As noted previously, Policy 2 states that the policy does not provide coverage for "any claim based upon or arising out of any alleged negligent act, error, omission, or circumstance likely to give rise to a claim that an Insured had knowledge of prior to the effective date of this policy." (Complaint, Ex. B at p. 2). The April 21 letter states that because R & K failed to "provide direction in the past," the City was required to execute four change orders directly related to R & K's design omissions, which required the City to incur $162,000 in costs. While the April 21 letter may appear to be a claim separate from the claims made previously, it is in fact a more detailed accounting of the claims made on January 18, February 15 and March 22. For example, in its March 22 letter, the City referred to substantial omissions in R & K's drawings which required costly modifications. Further, the City stated that, at a later date, it would contact R & K about the costs and delays on the project. The April 21 letter is likely the future contact to which the City referred in its March 22 letter. Thus, rather than construing the April 21 letter as an additional claim, the court construes the letter as an addendum to the City's March 22 claim. Although R & K had knowledge of the events surrounding the costs referred to in the City's April 21 letter prior to Policy 2's effective date, R & K was not made aware of the exact costs its omissions required the City to incur, which the April 21 letter accomplished. Accordingly, the court finds that the costs referred to in the April 22 letter were simply an addendum to the City's March 22 claim and therefore, thus falls under the coverage provided by Policy 1.

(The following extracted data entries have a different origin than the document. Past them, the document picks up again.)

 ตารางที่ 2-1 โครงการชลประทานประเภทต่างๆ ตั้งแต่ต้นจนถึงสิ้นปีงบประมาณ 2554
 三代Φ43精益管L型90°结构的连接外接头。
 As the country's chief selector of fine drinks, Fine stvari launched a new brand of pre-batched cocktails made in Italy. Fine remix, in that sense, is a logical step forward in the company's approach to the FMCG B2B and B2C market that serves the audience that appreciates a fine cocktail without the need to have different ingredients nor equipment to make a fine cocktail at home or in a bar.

IT IS THEREFORE RECOMMENDED that Plaintiff Lexington Insurance Company's motion for summary judgment be denied and Defendant Rugg and Knop Incorporated's motion for summary judgment be granted.

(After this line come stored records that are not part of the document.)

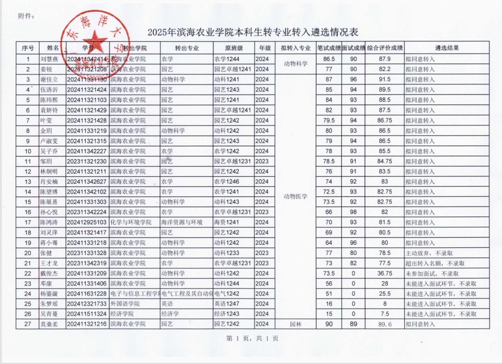 SUNBET申博体育2025年度本科生转专业转入遴选结果公示
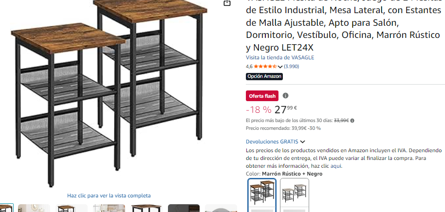 Disponible a 27.99€ (13.99€ /ud.) en Amazon (captura). Más barato que alternativa con cajones a 40.36€.
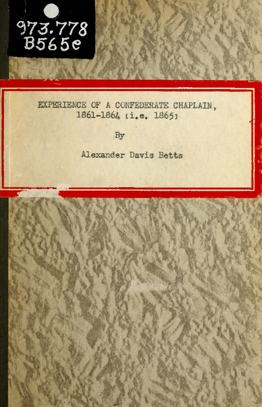 - The personal memoir of Confederate chaplain Alexander Davis Betts and his experiences serving in the Thirtieth North Carolina Infantry Regiment
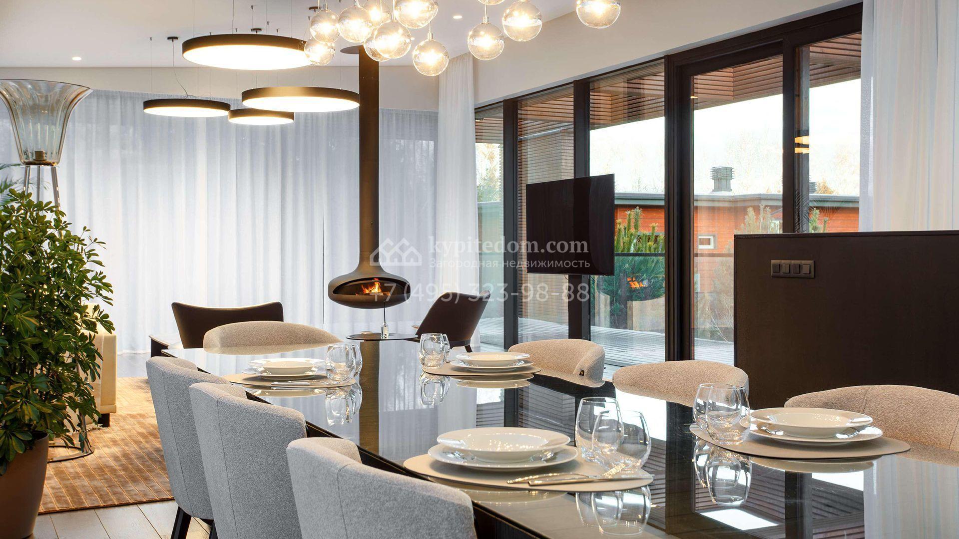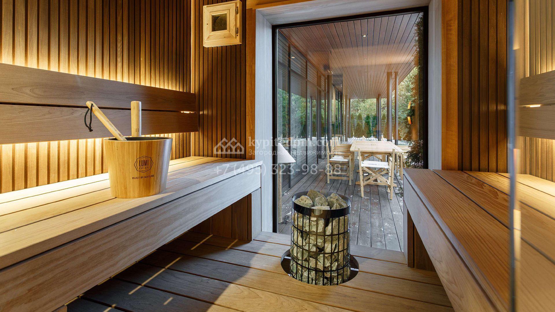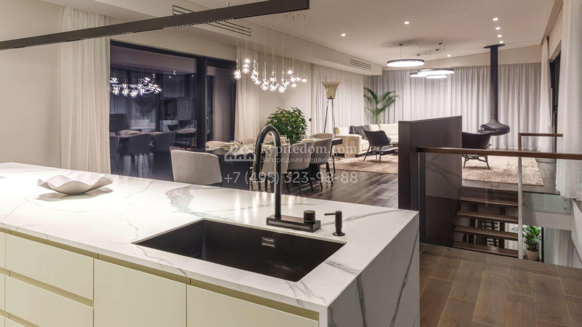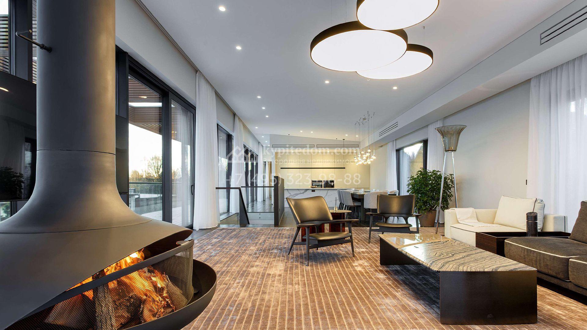 Двухэтажный дом по проекту Mantyla площадь 488 м² расположен на полевом участке 12 соток. Дом из каменных термоблоков построен по проекту финского архитектора Seppo Mantyla. Фасад здания отличается деревянной облицовкой, просторными террасами и панорамным остеклением. В доме гостиная-столовая расположена на втором этаже. Спустившись, можно попасть в приватную зону со спальнями хозяев и кабинетом. Интерьер выполнен в эстетике минимализма.
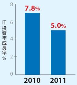 資策會MIC預估,臺灣員工超過200人的大型企業2011年IT投資規模,將呈現小幅成長5%,預估約有827.3億元,而接下來的三年會逐步下滑。雖然不及2010年投資大幅增加了7.8%,2011年整體企業受到ECFA議題帶來的景氣增長影響,IT的投資仍會增加,另外製造業則會因綠色供應鍊、IFRS以及擴廠建廠的需求驅動而增加IT投資。文⊙辜雅蕾
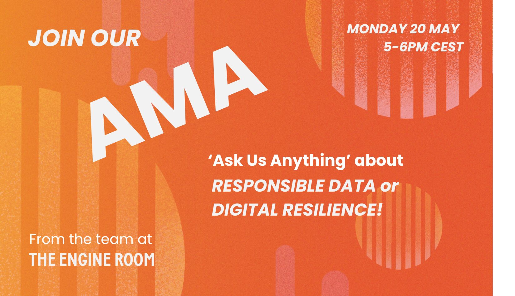 We started hosting AMA sessions last year, and found that they went really well! We loved getting a chance to talk to a variety of people working in social justice organisations in different countries about responsible data, digital resilience and using tech and data for their work.
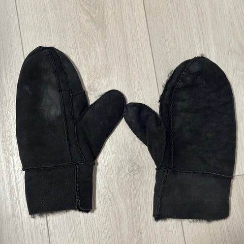 Lindex lammeskinnsvotter i svarbrun farge, foret med flees/syntetisk, størrelse M for dame. Lue med dusk i fuskepels. Luen er av akryl, polyester og ull. Lite brukt. Str M.
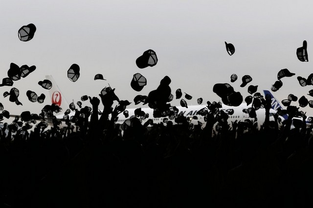 1200 ژاپنی به مناسبت حمایت از انتخاب شهر توکیو برای برگزاری المپیک تابستانی 2020 کلاه هایشان را در فرودگاه "هاندا" توکیو بالا می اندازند

IT IS FURTHER RECOMMENDED that the Lexington Insurance Company's declaratory judgment action be dismissed and that declaratory judgment be entered to the effect that Lexington may not deny coverage for the Salt Lake City Corporation's claims against Rugg & Knopp on the ground that Lexington was not given timely notice of such claims.
The Clerk of Court is directed to transfer this case to a district judge to consider this recommendation. Pursuant to Local Rule 13.03(c), any party may object to this recommendation within 10 days from the date of service.